I’m currently working on comparison of two GTFS feeds with respect to consequences for OSM
I was thinking about what could be good indications for a change in a route:
number of route variants has changed
but even if the same: variants could use other stops
total number of stops has changed
but even if same: stops could have been replaced by other stops
number of different stop_id has changed
e.g. stop has same stop_name but other platform (stop_id)
also: stop_id has been fixed
but even if the same: sequence of stops could have changed
number of different stop_name has changed
also: stop_name has been fixed (abbreviation expanded, …)
but even if the same: sequence of stops could have changed
sequences of stops have changed - using md5 over the data
using stop_id
using stop_name
using stop_lat / stop_lon
start and end date changed
I did not consider route_id and trip_id in the analysis, they might be stable in one GTFS feed, they might always change from version to version in other feeds.
First code handles an overview on all routes in two feeds - a single Web page with no further activities.
You may select two routes and click on “Compare selected Routes” but that’s not implemented yet.
This looks neat, thank you for working on it.

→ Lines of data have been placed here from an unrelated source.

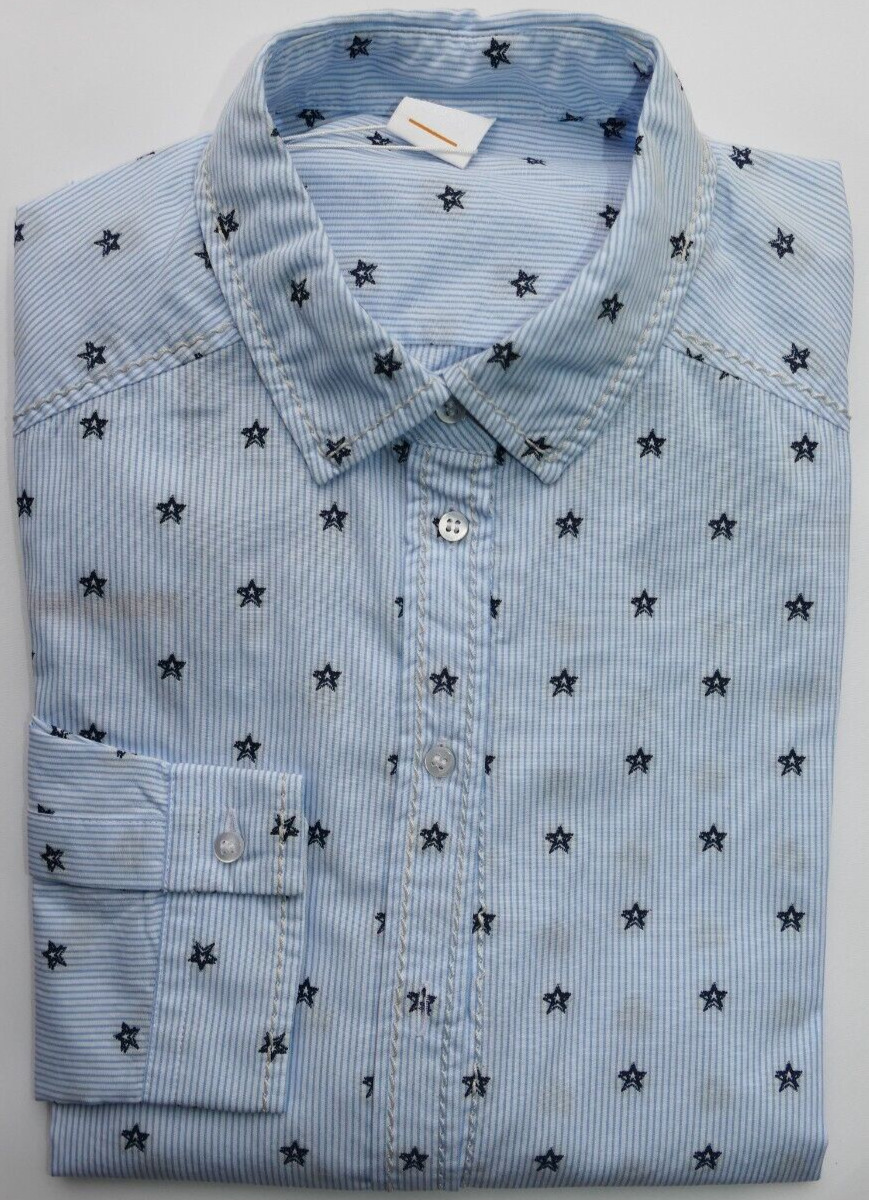 New HUGO BOSS womans ladies blue stars striped casual cotton blouse shirt 8 38 4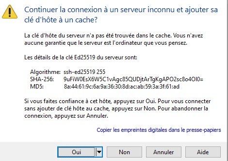 Il est fort probable qu’a la première connexion, vous ayez un message de ce type. Normal, le serveur est inconnu, donc le logiciel ne peut comparer sa clé à une autre en mémoire. Cliquer sur « Oui » pour continuer le processus de connexion.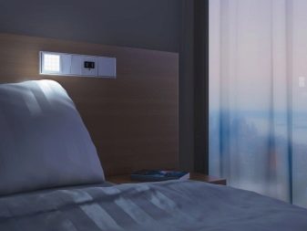 The task of the "point" near the bedside table is obvious - connecting a small lamp or sconce used as a night lamp.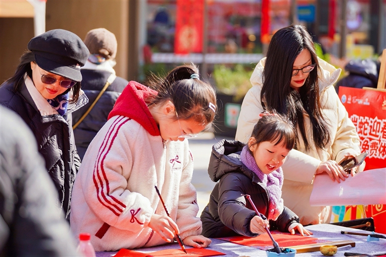 不远处的游戏区传来欢声笑语。为打造过年仪式感,迎新“妙”会还融合了年俗游园会,市民可以体验打年糕、写福字、投掷铜币等传统年俗。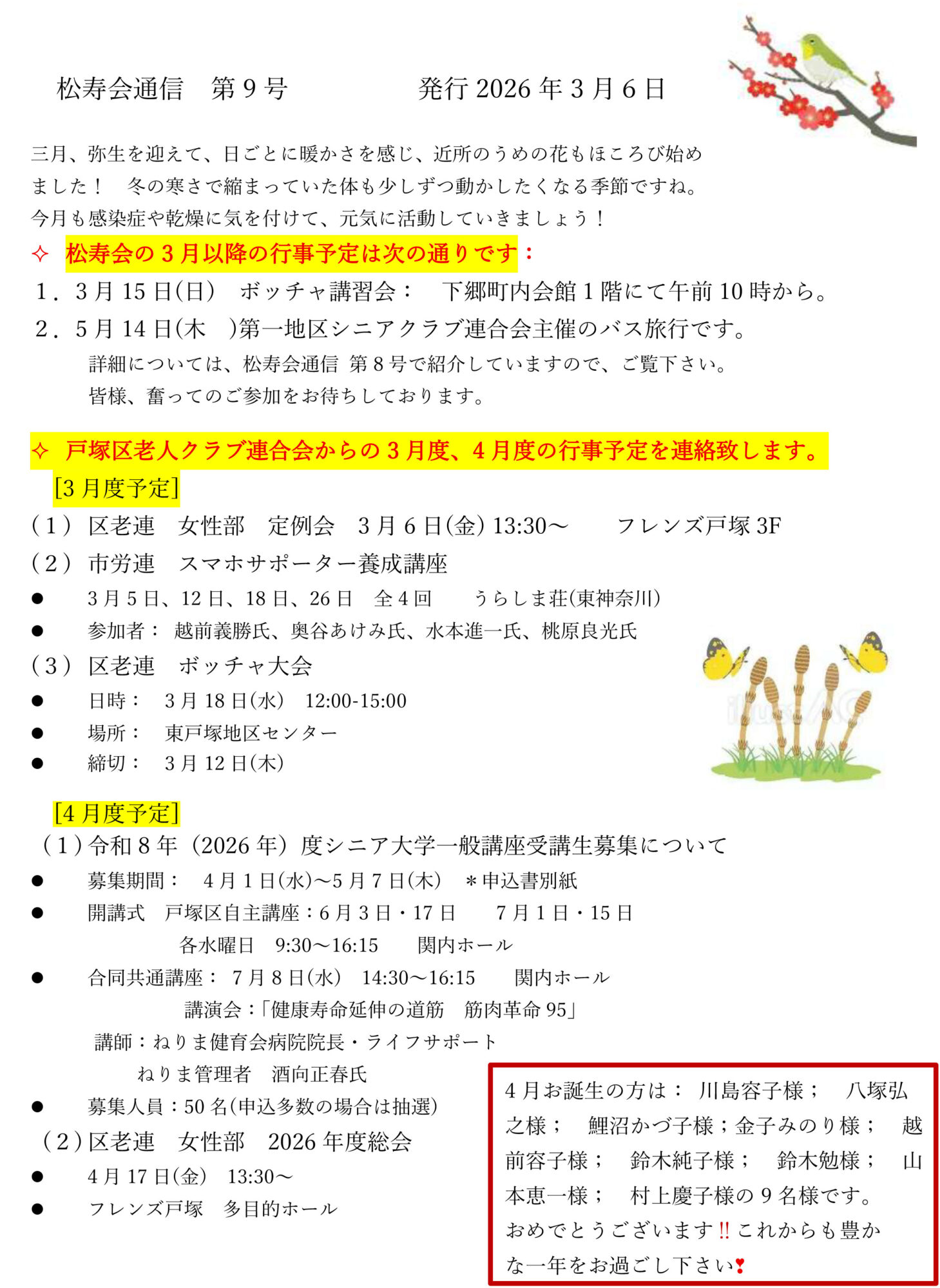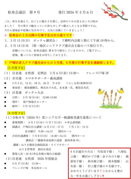 ① 松寿会通信 第9号が3月6日付けで発行されました。

One minimal improvement is to add delimiters in the date fields, so rather than 20230814 it would be something like 2023 08 14 (or with dashes, to match ISO).
Also maybe auto-collapse columns where none of the values changed?
Another indicator could be route length. You could spot changes after new roads have been built.
I see this possible use case:
It will help you maintain already mapped routes, because you see where to update OSM Data and do not have to go through all routes and check manually.
If this gets extended to see differences of routes in one single gtfs feed (different variants) I would use it a lot. What I imagine is:
Render both routes (same style as now, with stop numbers you can click on) on top of each other in different colors. Color the stop numbers differently: Same stop name and same number = green, same stop name but other number = yellow, stop name only in one route = color_of_the_route.
This could be extenset to compare even more than 2 routes, as long as you have enough different colors and enough space for the stopnumber-popups.
It would be nice to compare a gtfs route with an osm route too.
Tram 1 has 6 route_id versions and their stop sequence indicators are all the same - so maybe changes only in timetable?
Tram 2 has 7 route_id versions, most of the indicators differ - would be interesting to compare their start and end dates. Short term changes caused by construction?
…
Simply spoken: GTFS routes correspond to OSM route_masters, GTFS trips correspond to OSM routes - rendering two GTFS routes in one map could fill the whole map with icons though.
Yep, this is on the to-do list. E.g. in the PTNA analysis, take the GTFS info from CSV list (feed, route_id) and compare it with the route_master.
The date formatting looks good. The hiding has a bug where the last row isn’t included (it always shows up). Hiding rows is a good feature, but the one I was actually suggesting was hiding columns where no row has changes. That would reduce the horizontal width of the table, which would be nice.
True, but intentional: the “change” is that the Franklin Line Shuttle disappeared in the new GTFS feed.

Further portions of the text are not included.